City bus manufactured in Poland

The Autosan A0808MN Sancity is a low-entry city bus produced from the autumn of 2008 to mid-2009 in Sanok in Poland by Autosan. Its predecessor was the Jelcz M083C Libero which had an Autosan chassis, and successors are Autosan M09LE Sancity and Sancity 9LE. A0808MN Sancity and which are designed for urban and suburban public transportation services.

==History of the bus model==

===Prototype===

In 2000, the International Trade Fair presented the prototype Autosan A613MN Mini, which was built based on the chassis of the Csepel 613.04. It was the first low-entry bus built by the Autosan company. The bus was equipped with a door 1-2-0 system. The bus had a 4-cylinder Cummins B 135-20 engine which meets Euro 2 standards with a capacity of 5.9 dm and maximum power of 100 kW (136 hp), with a 6-speed ZF 6S-36 manual transmission. It had a length of 7850 mm, width 2400 mm and a height of 2630 mm. The structure was supported by steel pipes with a cross-section joined together by welding. The roof and side walls were made of aluminium and the front and rear walls were made from plastic.
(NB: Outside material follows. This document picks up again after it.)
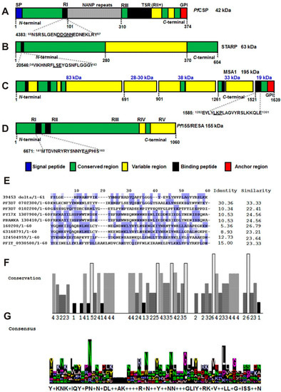 Genetic organization of P. falciparum antigen-peptide targets and bioinformatics. (A) PfCSP sporozoite protein and its 4383 peptide; (B) STARP sporozoite antigen and its native 20546 peptide; (C) MSA1 merozoite protein and its 1585 native peptide; (D) PfRESA merozoite antigen and its 6671 native peptide; (E) Alignment of the large-chimera edited sequence displaying only the Plasmodium-derived sequences (39453_delta chimera). Color code for sequence identify: 80% mild blue; higher than 60% in light blue; higher than 40% in light gray and lower than 40% in white; (F) Sequence conservation by Jalview-EBI where the 11* score represents identical, 8 and 7 conserved, and 6 and 5 semi-conserved amino-acids respectively; (G) A logo-fashion for a consensus sequence is shown in different colors for amino-acids.

Four prototypes were made of such buses, which were delivered to Bydgoszcz. The bus gained many potential buyers, but trouble's with the Csepel company which provided the chassis meant that Autosan had to find a different company which had built chassis. There was considered cooperation with the Turkish company BMC, but ultimately the company decided to develop their own Autosan chassis for this bus.

After the company Polskie Autobusy was founded, there was development and increased sales of the buses with Autosan and Jelcz brands, in 2002 it was decided to increase the quantity of production. In the main they were built for city public transportation purposes, although some were built for urban and local use making the H7 series, which were transferred to Jelcz. Due to financial difficulties of the Jelcz company, the prototype bus Jelcz M083C Libero had begun being built in 2006. In 2007 the company presented the final model of the bus, and in 2008 the company started its production. The bus was based on the chassis of the bus Autosan Gemini A0808T and was produced in Sanok.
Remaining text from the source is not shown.